Coordination as a Key to Success
October 31, 2007 from Pawel Brodzinski
Generally I’m a big believer in delegation. I choose to delegate task along with ability to make decisions about the subject and responsibility for achieving success or failing. I accept the fact it brings failures sometimes which I’m partly responsible for. However it gives people a right to decide (which they usually consider as something positive) and teach them accountability (which is always positive). It also eliminates makes organization healthier as management tasks are distributed all over the team and the boss is no longer a bottleneck. Several failures are really a fair price to get all of that.
Having said that, there are moments where you have to switch to manual steering. Your PM is on the road going on weekly meeting with customer and you have emergency situation in that very project. Customer escalated an issue which looks stupid but is really (I mean really) important for them. You’re running out of time in the project while the team looks like children in the fog trying really hard but with no visible effect. At the moment no one is able to take a look from higher perspective being highly dedicated on own tasks, yet unfortunately leaving people’s efforts disconnected. I could continue until this blog post is the longest one in the Internet. Then, it is time to forget about your automatic transmission and switch to manual shift. Someone has to take the role of coordinator.
No, it is not micromanagement. You don’t tell people how to do things. You just coordinate everyone efforts. In the real life it usually ends up running from one desk to another in amok having multiple phone calls every time you move between different rooms in the office. First phase is learning – where are problems, how they can be fixed, who can do that. Then it’s time to check why it isn’t going the right way automatically. Maybe someone isn’t aware of importance of task. Maybe you lack a person, who is on holidays. Maybe information flow sucks. And finally it’s your time. Time to act. Time to go and kick asses. To get the job done. You go explain people why their part is essential, help them with whatever they need to do what they need to do and finally you go check another bottleneck which appears on the way.

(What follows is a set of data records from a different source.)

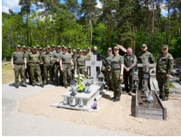
Na szlaku dawnej polsko-niemieckiej granicy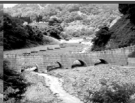
浦川スーパー暗渠堰堤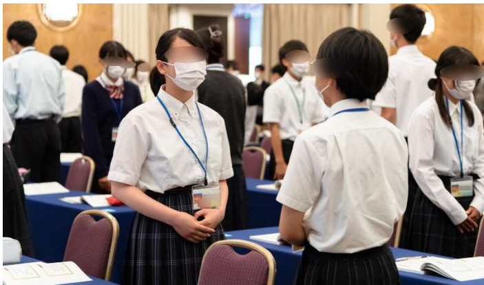
実習：「あいさつをしてみよう」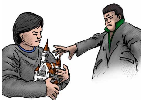
Zodpovedný manažér by mal družstvo chrániť pred nepriateľským prevzatím

Predseda družstva je funkcia a nie orgán družstva. V stanovách musí byť jasne definované, akú kompetenciu majú tie-ktoré orgány družstva. Podľa legislatívy je orgánom družstva členská schôdza, predstavenstvo a kontrolná komisia. Len členská schôdza a nie nejaký osobitný orgán môže rozhodnúť aj o niečom inom, ako jej do kompetencie priznáva zákon. Len členská schôdza si môže vyhradiť do svojej pôsobnosti, alebo do svojho rozhodovania aj otázky, o ktorých za normálnych okolností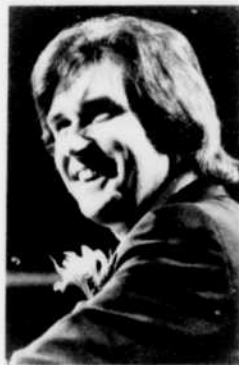
Animateur: Serge Laprade, avec la collaboration de Jacques Houde. Scripteur et chercheur: Michel Dugradne. Réal.: Lisette LeRoy.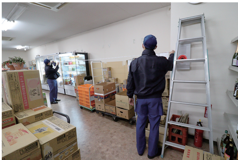
早朝から現場調査をしている様子

警告書は2名に交付していたが、Bが管理権原者にあたるという客観的資料がなく、Aの供述のみでBにも命令して大丈夫なのか？という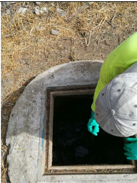
Limpieza cámara anterior a canaleta Parshall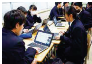
<グループでの共同編集>

また、海外姉妹校とのオンライン交流や各種講演会など、グローバルな視野を身に付ける学習活動にも取り組んでいます。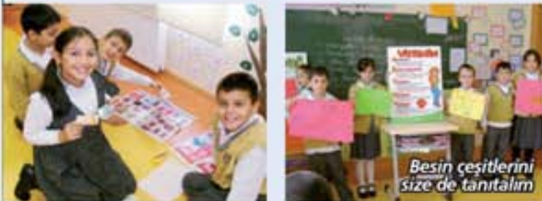
Besin çeşitlerini size de tanıtalım

Besin çeşitlerini ve yararlarını araştıran öğrencilerimiz araştırma sonuçlarını sınıf arkadaşlarına sundular.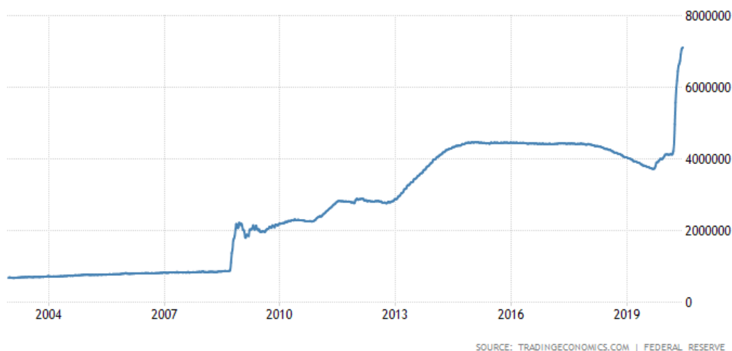
Figura 3: Balanço patrimonial do sistema do Banco Central americano (em milhões de dólares), 2000-2020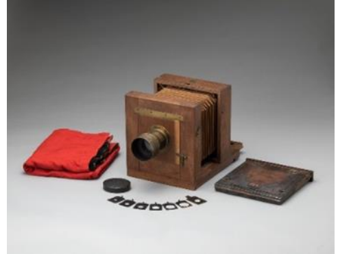
暗箱(明治初期、行田市郷土博物館蔵)

ちょうどその頃、武蔵野国忍城下(埼玉県行田市)で、原田朝之助(後の小川一眞[おがわかずまさ]、1860～1829年)が誕生します。10代で上京した際、写真術を知り、興味をもった小川一眞は、コロディオン湿板法を身に付け、富岡町(群馬県富岡市)で写真業を始めました。コロディオン湿板法が全国に広まり、印刷も新旧の様々な技法が林立した明治時代前期において、写真は写真、印刷は印刷で完結しており、それらはまだ結びついてはいませんでした。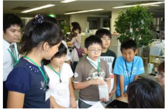
銀行に借りたお金を返済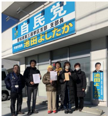
要望書を届ける市民アクション@3区の皆さん

議員は「裏金は文化だ」などと発言。であれば相当長期間かつ広範囲に裏金を受け取っている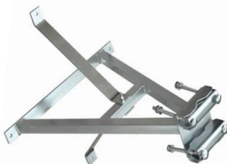
KPS50 + 2x PPS50 + 2x ZZ5M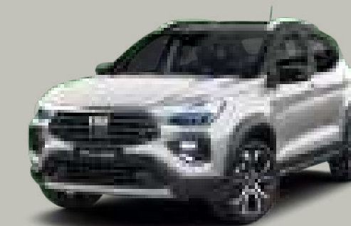
832 - PLATA BARI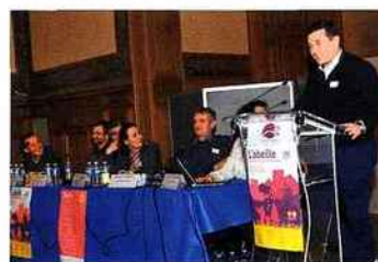
Pour chaque thème abordé, nous avons souhaité que partenaires et apiculteurs aient la parole afin de voir le sujet dans son intégralité.

Depuis 10 ans, vous alertez avec nous le grand public, les politiques et les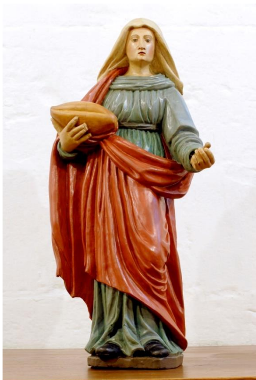
Heilige Elisabeth von Thüringen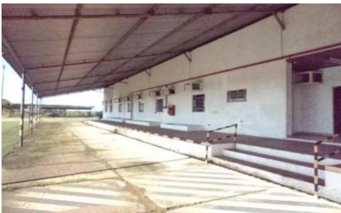
Figura 17 - Galpão em bom estado de conservação.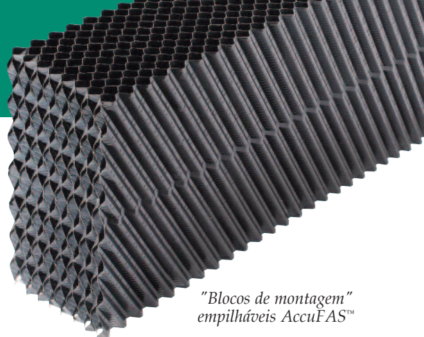
“Blocos de montagem” empilháveis AccuFAS™

As chapas de PVC estruturadas de fluxo cruzado do módulo AccuFAS (acima) são projetadas para maximizar o desempenho da mistura de fluidos e a transferência de oxigênio através da biomassa nas paredes dos meios filtrantes. E os módulos AccuFAS são compatíveis com os difusores de bolha fina para uma transferência de oxigênio mais eficaz.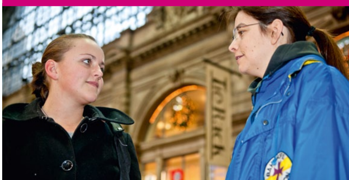
Immer mehr Frauen sind auf der Flucht vor Gewalt, Armut und Perspektivlosigkeit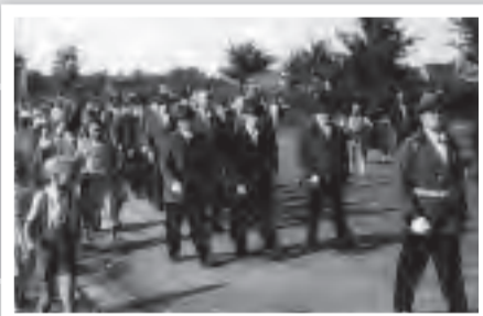
Neuanfang 1949. Festumzug auf der Dittfeldstr. Hüte waren meist noch vorhanden.

Eine wesentliche Neuerung brachte das Jahr 1910. Erstmals wurden Schützenfest und Aldenrader Kirmes gleichzeitig gefeiert, als gemeinsames Schützen- und Volksfest. Heute scheint es undenkbar, dass Schützenfest und Kirmes jemals getrennt gefeiert wurden. König wurde in diesem Jahr Wilhelm Kolkmann, der sich Ida Atrops als Königin erwählte. Sein Königsorden ziert als ältester Orden heute noch die Königskette.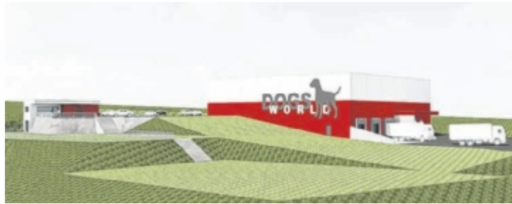
So soll das neue Hundezentrum inklusive Freiflächen aussehen.

Das Fachzentrum umfasst ein Schulungsgebäude für wöchentliche Seminare von renommierten Hundeprofis. Die Kurse reichen von Sachkundenachweisen über Rettungshunde- bis hin zu Therapiehundebildungen. Eine eingezäunte und beleuchtete Freilauffläche, nutzbar täglich von 7 bis 22 Uhr sowie eine Halle mit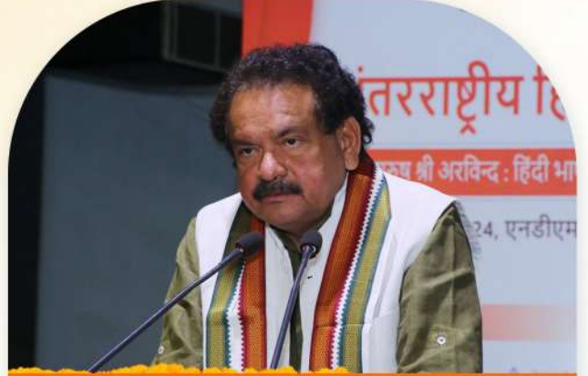
प्रो. एस.पी. सिंह बघेल जी माननीय केंद्रीय राज्य मंत्री, भारत सरकार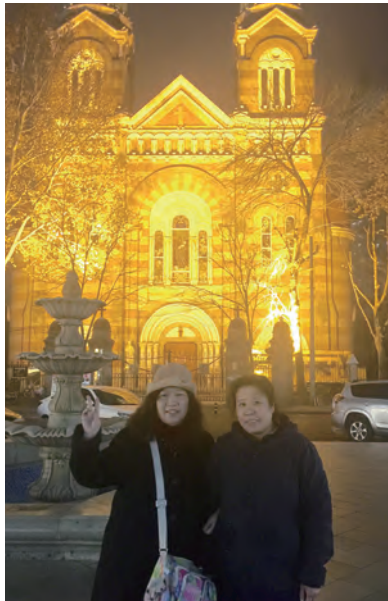
▲聖誕節期的教堂總是妝點得美不勝收。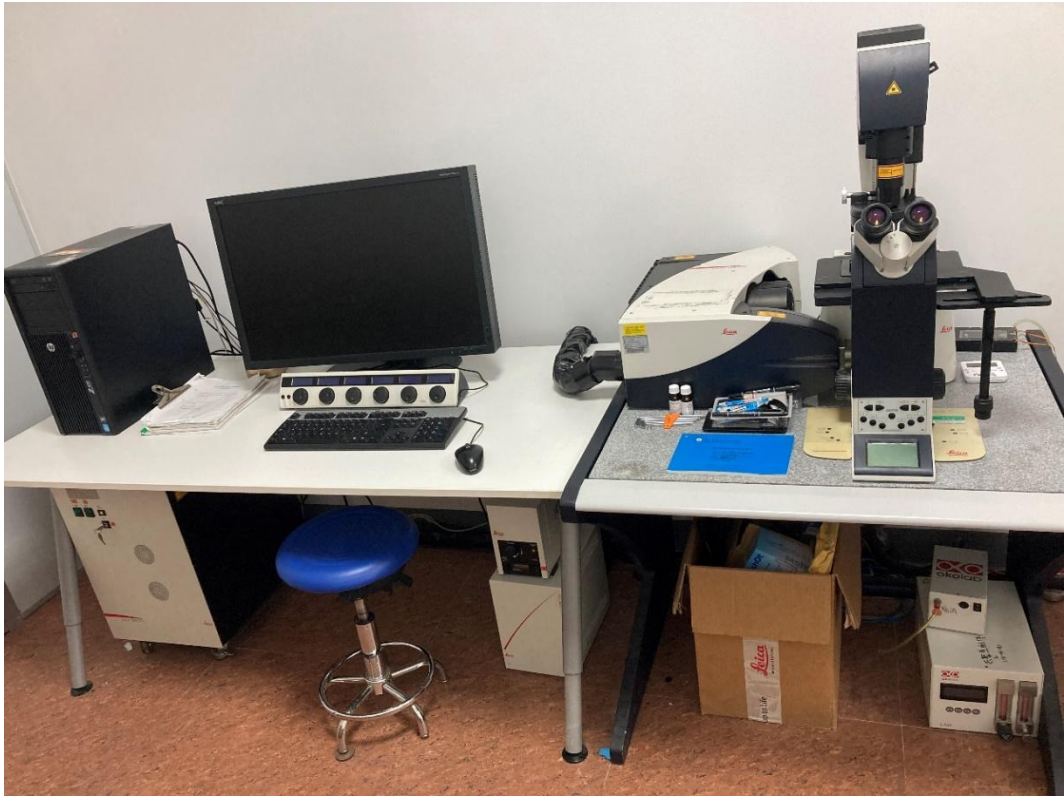
激光共聚焦显微镜

Yes, I know, being COO the whole thing is easier because actually most people I talk with are my subordinates, so sometimes they find a bit discomforting when rejecting me when I ask them to do something (but only sometimes and only a bit). Anyway, usually the issue is not in lack of will to do some action, but in lack of awareness that it is darn important and should be done right now. I mean now. Another typical case is several packet lost in communication between people which ends up with people solving the wrong problem or waiting for thing which will never come. It doesn’t require a hero to solve those issues. A couple of phone calls and another couple of chats is usually enough to congratulate yourself a job well done. Of course as far as you work with people you can count on (and fortunately I do).
Every single time when it happens to me to run as mad through the office trying to push things a bit further, ensuring myself everyone’s effort is focused on achieving the same goal I feel that’s the real work. Not those long strategy meeting, not discussing with customers functional details of the new project, not all those bureaucracy which follows you since you were promoted to middle management roles, but seeing things being created in minutes with a little bit of your help. Don’t get me wrong, all those others things are (I guess) important, but won’t replace me that feeling of being still useful from time to time.
Leaving my satisfaction on a side I saw way too many situations where team ended up hitting hard to the wall with their heads just because no one was able to coordinate and guide people a bit. It’s like binder between bricks. As far as you don’t use it you end up with a pile of bricks instead of house. A regular project management is like binder while building a house, but an emergency coordination role is a bit like borrowing a bag of cement from adjoining building site when you run out of yours. Without that bag you will probably end up with a pile of bricks (maybe more impressive but still) no matter how hard you try.